Development of amphotericin B inclusion complex formulation in dissolvable microarray patches for intravaginal delivery.

Background: Amphotericin B (AMB) is a drug used to treat vulvovaginal candidiasis (VVC), which is a fungal infection affecting the vagina and vulva. Nevertheless, the substance's limited capacity to dissolve in water leads to poor absorption when taken orally, hence diminishing its therapeutic efficacy. In order to address this limitation, β-cyclodextrin (βCD) was used to create AMB in the form of an inclusion complex.

Objective: This study aims to enhance the solubility and bioavailability of AMB by formulating it into an inclusion complex with βCD. Subsequently, we developed dissolvable microarray patches (DMP) as a novel drug delivery system, optimizing the formulation for improved retention, penetration, and controlled release of AMB.

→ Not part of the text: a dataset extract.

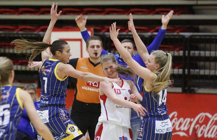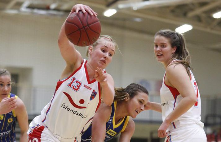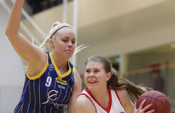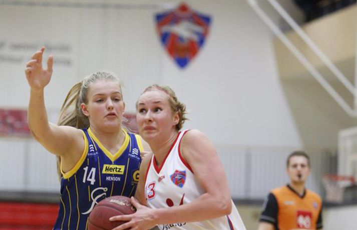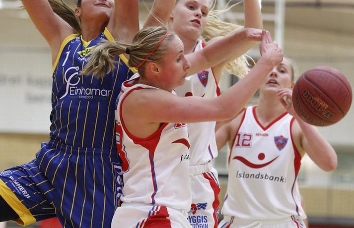 Grindavík tók fjórða sætið af Val - úrslit kvöldsins í kvennakörfunni Óskar Ófeigur Jónsson skrifar 17. desember 2014 21:04 Grindavík verður í fjórða sæti Dominos-deildar kvenna í körfubolta yfir jólin eftir sex stiga sigur á Val, 77-71, í framlengdum leik liðanna í Vodafone-höllinni í kvöld.Valgarður Gíslason, ljósmyndari Vísis og Fréttablaðsins, var á leiknum í kvöld og náði þessum myndum hér fyrir ofan. Grindavík komst upp fyrir Val með þessum sigri og þar með upp í fjórða og síðasta sætið sem hefur sæti í úrslitakeppninni. Grindavíkurliðið byrjaði tímabilið ekki vel en er búið að vinna flotta sigra á Keflavík og Val í lokaleikjum sínum á árinu 2014. Valskonur léku í kvöld bæði án bandarísks leikmanns og leikstjórnanda síns Guðbjargar Sverrisdóttur en voru engu að síður mjög nálægt því að landa sigri. Pálína Gunnlaugsdóttir skoraði 22 stig og tók 10 fráköst fyrir Grindavík og Petrúnella Skúladóttir skoraði 15 stig (öll með þriggja stiga skotum í seinni hálfleik). María Ben Erlingsdóttir og Rachel Tecca voru með 13 stig. Ragnheiður Benónísdóttir var með 21 stig og 13 fráköst fyrir Val og Ragna Margrét Brynjarsdóttir bætti við 16 stigum og 11 fráköstum. Kristrún Sigurjónsdóttir var með 9 stig, 6 fráköst og 6 stoðsendingar. Valsliðið var einu stigi yfir í hálfleik, 32-31, sex stigum yfir fyrir lokaleikhlutann, 51-45, og með fimm stiga forskot, 57-52, þegar tæpar þrjár mínútur voru eftir. Grindavíkurliðinu tókst að jafna metin og komast yfir áður en Fanney Lind Guðmundsdóttir tryggði Valsliðinu framlengingu. Grindavíkurliðið var sterkari í framlengingunni og vann hana 14-8.Öll úrslit og stig leikmanna í leikjum kvöldsins í Dominos-deild kvenna:KR-Haukar 58-72 (12-14, 18-21, 15-16, 13-21)KR: Simone Jaqueline Holmes 14/4 fráköst/3 varin skot, Bergþóra Holton Tómasdóttir 9/5 fráköst, Björg Guðrún Einarsdóttir 9, Helga Einarsdóttir 7/11 fráköst, Þorbjörg Andrea Friðriksdóttir 6/5 fráköst, Anna María Ævarsdóttir 6, Sara Mjöll Magnúsdóttir 3, Sólrún Sæmundsdóttir 2, Þórkatla Dagný Þórarinsdóttir 2.Haukar: LeLe Hardy 34/25 fráköst, Sylvía Rún Hálfdanardóttir 11/8 fráköst, María Lind Sigurðardóttir 8/4 fráköst, Sólrún Inga Gísladóttir 8, Dagbjört Samúelsdóttir 4, Þóra Kristín Jónsdóttir 3, Inga Rún Svansdóttir 2, Auður Íris Ólafsdóttir 2/7 fráköst.Snæfell-Breiðablik 79-45 (21-8, 23-15, 15-12, 20-10)Snæfell: Kristen Denise McCarthy 22/9 fráköst/6 stolnir, Gunnhildur Gunnarsdóttir 14, María Björnsdóttir 12, Hildur Sigurðardóttir 10/8 fráköst, Rebekka Rán Karlsdóttir 8, Berglind Gunnarsdóttir 5/12 fráköst/5 stoðsendingar/6 stolnir, Alda Leif Jónsdóttir 4, Hugrún Eva Valdimarsdóttir 2/5 fráköst, Helga Hjördís Björgvinsdóttir 2/7 fráköst.Breiðablik: Arielle Wideman 11/8 fráköst, Elín Sóley Hrafnkelsdóttir 10/9 fráköst, Aníta Rún Árnadóttir 8, Ingunn Erla Kristjánsdóttir 7, Berglind Karen Ingvarsdóttir 5, Jóhanna Björk Sveinsdóttir 2/5 fráköst, Isabella Ósk Sigurðardóttir 2. Keflavík-Hamar 114-46 (32-14, 26-8, 27-14, 29-10)Keflavík: Carmen Tyson-Thomas 36/11 fráköst/8 stoðsendingar/7 stolnir, Sara Rún Hinriksdóttir 21/4 fráköst, Sandra Lind Þrastardóttir 12/6 fráköst, Marín Laufey Davíðsdóttir 10/14 fráköst, Lovísa Falsdóttir 9, Thelma Dís Ágústsdóttir 7/7 fráköst, Birna Ingibjörg Valgarðsdóttir 7/6 fráköst, Hallveig Jónsdóttir 5, Bríet Sif Hinriksdóttir 5, Emelía Ósk Gunnarsdóttir 2.Hamar: Sydnei Moss 20/10 fráköst, Katrín Eik Össurardóttir 9, Þórunn Bjarnadóttir 8/4 fráköst, Salbjörg Ragna Sævarsdóttir 5/7 fráköst/3 varin skot, Heiða B. Valdimarsdóttir 2/4 fráköst, Sóley Guðgeirsdóttir 2/5 fráköst. Valur-Grindavík 71-77 (19-21, 13-10, 19-14, 12-18, 8-14)Valur: Ragnheiður Benónísdóttir 21/13 fráköst, Ragna Margrét Brynjarsdóttir 16/11 fráköst, Kristrún Sigurjónsdóttir 9/6 fráköst/6 stoðsendingar, Fanney Lind Guðmundsdóttir 8/7 fráköst, Sóllilja Bjarnadóttir 8, Margrét Ósk Einarsdóttir 5, Elsa Rún Karlsdóttir 2, Sara Diljá Sigurðardóttir 2..Grindavík: Pálína Gunnlaugsdóttir 22/10 fráköst, Petrúnella Skúladóttir 15, Rachel Tecca 13/11 fráköst, María Ben Erlingsdóttir 13/6 fráköst, Jeanne Lois Figeroa Sicat 7, Guðlaug Björt Júlíusdóttir 5/4 fráköst, Lilja Ósk Sigmarsdóttir 2/4 fráköst.Ragnheiður Benónísdóttir og Rachel Tecca í baráttu um boltann í kvöld.Vísir/Valli Dominos-deild kvenna Tengdar fréttir Keflavíkurkonur skoruðu 114 stig í kvöld Kvennalið Keflavík vann 68 stiga sigur á Hamar, 114-46, í Keflavík í kvöld í lokaumferð Dominos-deildar kvenna í körfubolta fyrir jól. 17. desember 2014 20:45 Snæfellskonur á tíu leikja sigurgöngu inn í jólafríið Kvennalið Snæfells verður með fjögurra stiga forskot á toppi Dominos-deildar kvenna í körfubolta yfir hátíðirnar eftir 34 stiga sigur á botnliði Breiðabliks, 79-45, í Stykkishólmi í kvöld. 17. desember 2014 20:37 Mest lesið Líður alltaf yfir hana þegar hún kemur í mark Sport Einkunnir Íslands: Þrjár heitastar í frostinu Fótbolti „Hefði séð eftir því alla ævi“ Íslenski boltinn Magnús Már í viðræðum við HK Íslenski boltinn Vísar slúðrinu til föðurhúsanna Enski boltinn Albert og Mikael Egill í vondum málum á Ítalíu Fótbolti Rekinn fyrir ummæli sín um krabbameinssjúka handboltagoðsögn Handbolti „Við tókum bara þá ákvörðun að fara í Svanavatnið“ Fótbolti Ísak Bergmann lagði upp gegn Bayern Fótbolti Dagskráin í dag: Íslenskur körfubolti og margt fleira Sport Fleiri fréttir Uppgjörið: Njarðvík - Grindavík 85-84| Njarðvík fyrstar til að leggja Grindavík af velli Ótrúleg dramatík í Garðabæ og á Sauðárkróki Landsliðsmennirnir öfl

Methods: The stability of the AMB-βCD inclusion complx (IC) structure has been confirmed by employing molecular docking studies. The formulation of DMP involved the incorporation of IC with polyvinyl alcohol (PVA) and polyvinylpyrrolidone (PVP). The mechanical strength, ability to be inserted, and propensity to irritate Amphotericin B-Inclusion Complex-Dissolvable Microarray Patches (IC-DMP) were evaluated by laboratory experiments utilizing the porcine vaginal mucosal layer. Further investigations, such as Differential Scanning Calorimetry (DSC), were performed to assess the physicochemical characteristics of the IC.

Results: The solubility of the pure medication was greatly enhanced up to fourfold by the inclusion complex. The assessment of IC-DMP exhibited exceptional mechanical robustness and insertion abilities, with no indications of discomfort. Among the formulas tested in ex vivo vaginal kinetic experiments, Formula F3 had the most effective retention in the porcine vaginal mucosal layer. It had an AUC value of 208.02 ± 0.33 h.µg/cm and the highest C value of 20.05 ± 0.06 µg/cm. Therefore, Formula F3 was the most efficient formula in terms of vaginal drug delivery.

Conclusion: The integration of IC into the DMP system significantly enhances the solubility and bioavailability of AMB, facilitating its absorption in the circulatory system when applied intravaginally for vulvovaginal candidiasis treatment. These promising initial findings support further clinical evaluation of this novel drug delivery system.